The presented drone is made of a central case and a thin fibreglass external frame with four arms held together by four magnetic joints. As this fibreglass frame is only 0.3mm thick, it is soft and flexible, making it able to withstand collisions without permanent deformation. The four magnetic joints connect the frame to the central case (modelled after hard insect exoskeletons, just to complete the inspiration from nature) and rigidly hold the frame in place during flight. Where these magnets come into their own, is that during a collision they break, meaning that the drone transition to a soft state where the frame becomes disengaged and can safely deform without damaging itself or the inner core.
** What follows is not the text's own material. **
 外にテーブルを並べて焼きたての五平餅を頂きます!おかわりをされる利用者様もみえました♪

Soft elastic bands ensure that the frame is held close enough in place that the magnets snap back after the collision, allowing the frame to realign and thus ensuring that the drone is once again ready to fly.
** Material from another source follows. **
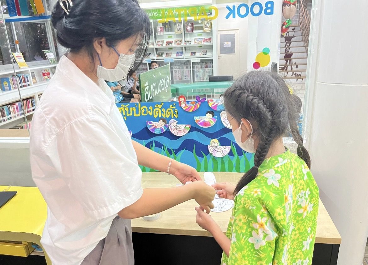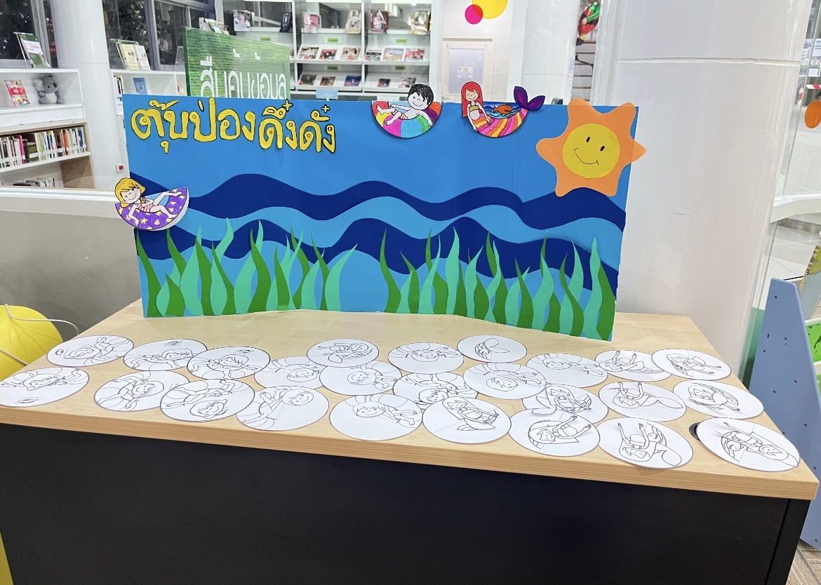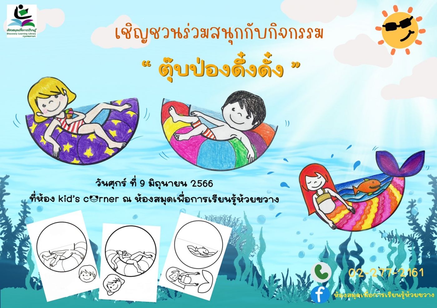 กิจกรรมใหญ่ของสัปดาห์นี้เราคิดชื่อกันขึ้นว่ากิจกรรม “ตุ๊บป่องดึ๋งดั๋ง” ซึ่งเป็นกิจกรรมที่ให้น้องๆได้ออกแบบห่วงยางในสไตล์ของตัวเองเพื่อนำไปลอยบนน้ำ ซึ่งเป็นน้ำสมมติที่เราจะทำขึ้นไว้ให้น้อง ๆโดยตัวเลือกครั้งนี้ก็จะมีเด็กผู้หญิงเด็กผู้ชายและตัวเลือกพิเศษก็คือนางเงือก ในระหว่างวันสองวันก่อนที่จะทำกิจกรรมนี้เราได้มีการโปรโมททั้งในเพจและติดป้ายไว้ที่หน้าห้องสมุดเด็กๆให้ความสนใจและเข้ามาถามว่าอันนี้จะได้ทำวันไหน หนูอยากทำแล้วหนูขอทำนางเงือก เราก็ช่วยโปรโมทกับน้องๆไปในตัวว่าถ้าอยากทำกิจกรรมนี้น้องๆต้องมาในวันศุกร์นะ ซึ่งพอถึงวันทำกิจกรรมจริงเด็กๆก็ให้ความสนใจกันเป็นอย่างมากโดยเฉพาะขั้นตอนของการแปะรูปของตนเองไว้บนท้องทะเลที่เราเตรียมไว้ให้ กลุ่มไหนที่มากันกับเพื่อนก็นัดกันติดในจุดที่อยู่ใกล้ ๆ กันซึ่งเรามองว่ามันเป็นภาพที่น่ารักมาก น้อง ๆ บางคนก็เลือกทำ 2 อัน เพราะน้องอยากเอากลับบ้านแต่ถ้าเอากลับบ้านก็จะไม่มีกิจกรรมติดน้องก็เลยเลือกที่จะทำ 2 อันเพื่อให้ได้นำ 1 อันกลับบ้านและอีกอันติดไว้กับเพื่อน ๆ

The collision resistant drone was tested by dropping it from a height of 2m whereby it completely disengaged the magnetic joints and automatically restored to its pre-crash configuration. In fact, the drone was dropped over 50 times with no permanent damage. On top of that, the design means that the drones can have as many rotators as desired and is not limited to a quadcopter configuration.

Reference

S. Mintchev, S.D. De Rivas and D. Floreano. Insect-Inspired Mechanical Resilience for Multicopters, In IEEE Robotics and Automation Letters, 2017.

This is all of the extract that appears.